Question & Answer: Can you walk me thru the solution for this problem? …P3-33. Thanks in advance!…..

Can you walk me thru the solution for this problem? …P3-33. Thanks in advance!

Cost Accounting, Student Value Edition Plus MyAccountingLab with Pearson eText — Access Card Package (15th Edition)

Lifetime Escapes generates average revenue of $7,500 per person on its 5-day package tours to wildlife parks in Kenya. The variable costs per person are as follows:

Airfair………………………..$1,600

Hotel ………………………..$3,100

Meals………………………..600

Transportation…………….300

Park tickets/other costs…700

Total………………………….$6,300

Annual fixed costs total $570,000.

1] Calculate the number of package tours that must be sold to break even.

2]Calculate the revenue needed to earn a target operating income of $102,000.

3] If fixed costs increase by $19,000, what decrease in variable cost er person must be achieved to maintain the breakeven point calculated in A.

4]The general manager of Lifetime Escapes proposes to increase the price of the package tour to $8,200 to decrease the breakeven point in units. Using information in the origional problem, calculate the new breakeven point in units.
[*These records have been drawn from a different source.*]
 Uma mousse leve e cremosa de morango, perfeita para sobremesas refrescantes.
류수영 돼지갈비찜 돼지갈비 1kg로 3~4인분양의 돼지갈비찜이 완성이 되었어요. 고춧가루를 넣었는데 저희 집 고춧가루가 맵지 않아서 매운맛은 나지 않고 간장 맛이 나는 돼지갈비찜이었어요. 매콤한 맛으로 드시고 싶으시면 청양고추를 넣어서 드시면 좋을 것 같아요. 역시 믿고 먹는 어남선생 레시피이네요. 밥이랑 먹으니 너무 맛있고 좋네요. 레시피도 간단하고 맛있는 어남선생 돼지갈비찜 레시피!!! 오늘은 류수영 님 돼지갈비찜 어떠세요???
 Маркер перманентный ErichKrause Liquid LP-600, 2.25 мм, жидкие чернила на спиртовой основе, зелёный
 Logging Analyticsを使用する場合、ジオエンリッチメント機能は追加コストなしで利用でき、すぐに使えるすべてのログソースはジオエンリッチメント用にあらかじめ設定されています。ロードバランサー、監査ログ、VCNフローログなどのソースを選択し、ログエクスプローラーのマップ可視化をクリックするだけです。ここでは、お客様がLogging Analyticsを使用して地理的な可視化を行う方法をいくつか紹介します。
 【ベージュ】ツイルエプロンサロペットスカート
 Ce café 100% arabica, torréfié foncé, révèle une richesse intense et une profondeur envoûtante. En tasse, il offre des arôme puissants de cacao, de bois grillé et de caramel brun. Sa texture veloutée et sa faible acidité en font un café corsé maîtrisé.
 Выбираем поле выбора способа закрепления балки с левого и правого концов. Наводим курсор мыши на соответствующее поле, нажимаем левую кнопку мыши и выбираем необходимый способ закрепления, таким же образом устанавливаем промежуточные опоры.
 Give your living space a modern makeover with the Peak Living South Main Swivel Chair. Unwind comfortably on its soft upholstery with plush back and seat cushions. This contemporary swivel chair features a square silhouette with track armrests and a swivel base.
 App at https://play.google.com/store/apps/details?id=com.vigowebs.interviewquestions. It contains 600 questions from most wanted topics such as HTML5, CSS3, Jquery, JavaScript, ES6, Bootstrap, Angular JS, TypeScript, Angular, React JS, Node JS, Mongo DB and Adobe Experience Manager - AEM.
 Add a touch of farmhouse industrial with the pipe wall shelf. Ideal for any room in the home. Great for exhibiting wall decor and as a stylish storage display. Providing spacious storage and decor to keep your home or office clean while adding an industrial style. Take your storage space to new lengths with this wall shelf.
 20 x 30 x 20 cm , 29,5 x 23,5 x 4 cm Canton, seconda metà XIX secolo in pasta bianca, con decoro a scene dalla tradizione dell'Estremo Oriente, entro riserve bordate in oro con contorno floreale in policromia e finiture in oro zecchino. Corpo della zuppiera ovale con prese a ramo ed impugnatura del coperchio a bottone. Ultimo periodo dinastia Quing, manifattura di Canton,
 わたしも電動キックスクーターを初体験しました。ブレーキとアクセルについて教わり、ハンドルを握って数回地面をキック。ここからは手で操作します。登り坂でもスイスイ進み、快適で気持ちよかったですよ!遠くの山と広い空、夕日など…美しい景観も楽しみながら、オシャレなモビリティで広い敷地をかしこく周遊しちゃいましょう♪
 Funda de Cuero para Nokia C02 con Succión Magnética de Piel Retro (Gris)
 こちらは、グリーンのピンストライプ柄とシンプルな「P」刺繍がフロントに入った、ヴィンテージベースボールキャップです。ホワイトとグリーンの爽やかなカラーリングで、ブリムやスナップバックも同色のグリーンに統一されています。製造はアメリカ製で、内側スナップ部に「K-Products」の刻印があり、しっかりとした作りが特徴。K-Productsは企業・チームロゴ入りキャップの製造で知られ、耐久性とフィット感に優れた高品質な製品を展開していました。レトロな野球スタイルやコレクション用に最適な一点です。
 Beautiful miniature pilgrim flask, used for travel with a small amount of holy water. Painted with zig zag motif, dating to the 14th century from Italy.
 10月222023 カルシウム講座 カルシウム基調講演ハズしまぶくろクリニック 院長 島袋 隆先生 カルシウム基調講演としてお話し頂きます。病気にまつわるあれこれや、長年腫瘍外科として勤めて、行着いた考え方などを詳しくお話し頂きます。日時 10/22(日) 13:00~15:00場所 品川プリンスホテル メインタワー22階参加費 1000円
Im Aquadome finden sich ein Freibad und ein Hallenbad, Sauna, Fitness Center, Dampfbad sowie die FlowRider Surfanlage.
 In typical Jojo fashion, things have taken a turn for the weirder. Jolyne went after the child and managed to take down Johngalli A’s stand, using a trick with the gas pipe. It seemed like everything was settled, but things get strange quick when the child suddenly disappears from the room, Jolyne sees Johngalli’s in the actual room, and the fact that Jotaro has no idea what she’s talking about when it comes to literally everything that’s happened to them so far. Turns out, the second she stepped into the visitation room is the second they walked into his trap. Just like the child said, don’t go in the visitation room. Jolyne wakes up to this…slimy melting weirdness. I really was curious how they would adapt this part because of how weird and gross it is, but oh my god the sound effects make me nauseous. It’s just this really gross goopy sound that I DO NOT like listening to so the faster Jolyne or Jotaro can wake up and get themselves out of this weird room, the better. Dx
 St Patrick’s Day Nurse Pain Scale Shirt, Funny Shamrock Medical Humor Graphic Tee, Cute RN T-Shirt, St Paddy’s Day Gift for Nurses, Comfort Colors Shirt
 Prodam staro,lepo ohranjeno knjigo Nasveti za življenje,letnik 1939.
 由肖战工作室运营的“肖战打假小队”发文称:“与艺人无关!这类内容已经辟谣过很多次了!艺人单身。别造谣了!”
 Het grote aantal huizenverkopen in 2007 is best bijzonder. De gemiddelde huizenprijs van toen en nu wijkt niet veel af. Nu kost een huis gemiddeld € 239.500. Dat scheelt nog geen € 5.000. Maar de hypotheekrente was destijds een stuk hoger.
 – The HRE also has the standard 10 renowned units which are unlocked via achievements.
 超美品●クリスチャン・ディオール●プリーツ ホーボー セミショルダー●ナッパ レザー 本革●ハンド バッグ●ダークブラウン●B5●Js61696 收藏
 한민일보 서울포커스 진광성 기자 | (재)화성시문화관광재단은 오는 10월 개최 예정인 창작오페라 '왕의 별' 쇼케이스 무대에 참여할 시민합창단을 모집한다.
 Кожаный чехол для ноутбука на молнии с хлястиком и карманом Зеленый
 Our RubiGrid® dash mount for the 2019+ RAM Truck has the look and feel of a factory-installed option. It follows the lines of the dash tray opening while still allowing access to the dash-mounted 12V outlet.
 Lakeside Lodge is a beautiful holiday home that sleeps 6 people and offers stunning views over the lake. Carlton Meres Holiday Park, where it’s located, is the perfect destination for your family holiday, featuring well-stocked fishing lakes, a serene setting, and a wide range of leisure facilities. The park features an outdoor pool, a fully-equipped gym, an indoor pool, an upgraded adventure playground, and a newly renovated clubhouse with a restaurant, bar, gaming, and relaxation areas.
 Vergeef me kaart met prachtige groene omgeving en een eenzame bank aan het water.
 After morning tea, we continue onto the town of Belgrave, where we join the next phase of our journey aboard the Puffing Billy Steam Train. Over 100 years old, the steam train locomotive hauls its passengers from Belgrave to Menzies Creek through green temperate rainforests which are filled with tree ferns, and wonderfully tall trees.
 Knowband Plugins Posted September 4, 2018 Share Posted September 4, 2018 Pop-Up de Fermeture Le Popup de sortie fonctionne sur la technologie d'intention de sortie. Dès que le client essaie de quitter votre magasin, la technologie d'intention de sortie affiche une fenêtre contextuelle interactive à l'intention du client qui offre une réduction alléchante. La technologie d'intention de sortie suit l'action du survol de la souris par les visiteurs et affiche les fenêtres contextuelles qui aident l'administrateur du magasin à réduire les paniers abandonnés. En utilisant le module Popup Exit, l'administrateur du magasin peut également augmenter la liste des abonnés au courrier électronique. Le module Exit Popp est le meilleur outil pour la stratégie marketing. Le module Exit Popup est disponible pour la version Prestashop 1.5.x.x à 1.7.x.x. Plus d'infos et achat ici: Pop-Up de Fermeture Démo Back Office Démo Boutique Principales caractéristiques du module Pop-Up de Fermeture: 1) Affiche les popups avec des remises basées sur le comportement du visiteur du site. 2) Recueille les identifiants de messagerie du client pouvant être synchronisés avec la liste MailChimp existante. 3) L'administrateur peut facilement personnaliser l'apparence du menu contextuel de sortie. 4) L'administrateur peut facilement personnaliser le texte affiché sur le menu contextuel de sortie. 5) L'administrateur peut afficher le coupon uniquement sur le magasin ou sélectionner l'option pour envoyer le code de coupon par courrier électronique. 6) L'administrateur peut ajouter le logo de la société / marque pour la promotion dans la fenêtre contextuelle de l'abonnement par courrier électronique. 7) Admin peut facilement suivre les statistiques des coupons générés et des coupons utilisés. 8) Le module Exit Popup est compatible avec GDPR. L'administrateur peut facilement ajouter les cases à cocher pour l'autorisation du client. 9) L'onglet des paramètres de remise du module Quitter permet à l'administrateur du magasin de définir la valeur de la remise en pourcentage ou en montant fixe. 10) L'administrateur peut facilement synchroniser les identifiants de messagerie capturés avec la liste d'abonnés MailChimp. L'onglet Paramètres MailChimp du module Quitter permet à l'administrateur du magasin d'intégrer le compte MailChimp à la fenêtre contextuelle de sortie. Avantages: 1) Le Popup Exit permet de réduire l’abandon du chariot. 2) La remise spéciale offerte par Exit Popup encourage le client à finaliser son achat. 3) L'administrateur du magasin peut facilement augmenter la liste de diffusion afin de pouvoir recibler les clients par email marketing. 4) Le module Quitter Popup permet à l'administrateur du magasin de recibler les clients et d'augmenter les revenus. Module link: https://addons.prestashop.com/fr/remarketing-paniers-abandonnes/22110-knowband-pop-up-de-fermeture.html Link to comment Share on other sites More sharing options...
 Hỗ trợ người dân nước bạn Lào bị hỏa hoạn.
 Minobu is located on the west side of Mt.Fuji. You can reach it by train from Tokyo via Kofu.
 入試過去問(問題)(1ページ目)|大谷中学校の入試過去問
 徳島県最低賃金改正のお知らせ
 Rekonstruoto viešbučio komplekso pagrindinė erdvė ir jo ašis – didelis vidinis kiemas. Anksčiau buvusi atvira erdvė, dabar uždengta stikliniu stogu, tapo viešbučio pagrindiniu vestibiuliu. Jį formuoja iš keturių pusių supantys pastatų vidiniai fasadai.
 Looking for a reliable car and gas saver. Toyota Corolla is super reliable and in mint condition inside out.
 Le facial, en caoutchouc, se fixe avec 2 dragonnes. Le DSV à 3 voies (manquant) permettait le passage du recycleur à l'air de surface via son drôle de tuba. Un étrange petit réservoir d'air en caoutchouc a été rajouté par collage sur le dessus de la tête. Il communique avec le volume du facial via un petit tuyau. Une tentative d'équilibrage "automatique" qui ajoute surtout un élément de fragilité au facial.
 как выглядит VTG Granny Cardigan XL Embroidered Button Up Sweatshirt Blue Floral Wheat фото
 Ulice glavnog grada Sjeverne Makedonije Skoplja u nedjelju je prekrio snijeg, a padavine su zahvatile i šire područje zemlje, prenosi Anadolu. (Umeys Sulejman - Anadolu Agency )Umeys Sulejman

What factors should the general manager consider before deciding to increase the price of the package tour?

Expert Answer

 

1. Contribution margin per unit = Unit Revenue – Unit Variable Costs = $ 7,500 – $ 6,300 = $ 1,200

Number of package tours that must be sold to break even = Annual Fixed Costs / Contribution Margin per Unit = $ 570,000 / $ 1,200 = 475 package tours.

2. Contribution margin ratio = Contribution margin / Revenue * 100 = $ 1,200 / $ 7,500 * 100 = 16%

Revenue needed to earn target operating income of $ 102,000 = ( Fixed Cost + Target Operating Income) / Contribution Margin Ratio = $ ( 570,000 + 102,000) / 16% = $ 4,200,000

3. If fixed costs increased by $ 19,000, revised fixed cost = $ 589,000

Unit contribution margin = $ 589,000 / 475 = $ 1,240

Hence, variable costs would need to decrease by $ 40. per person.

In other words, the new variable costs would need to be $ 6,300 – $ 40 = $ 6,260 per person.

4. New contribution margin per package tour = $ 8,200 – $ 6,300 = $ 1,900.

New breakeven point in units = $ 570,000 / $ 1,900 = 300 package tours.

The factors that the general manager should consider:

a. Whether it would be possible to earn the same operating income at the new price per package, as the company was earning with unit price of $ 7,500.

b. Would there be many takers at $ 8,200 per package tour.

a. Price being charged by competitors offering similar products.

b. Losing customers and market share.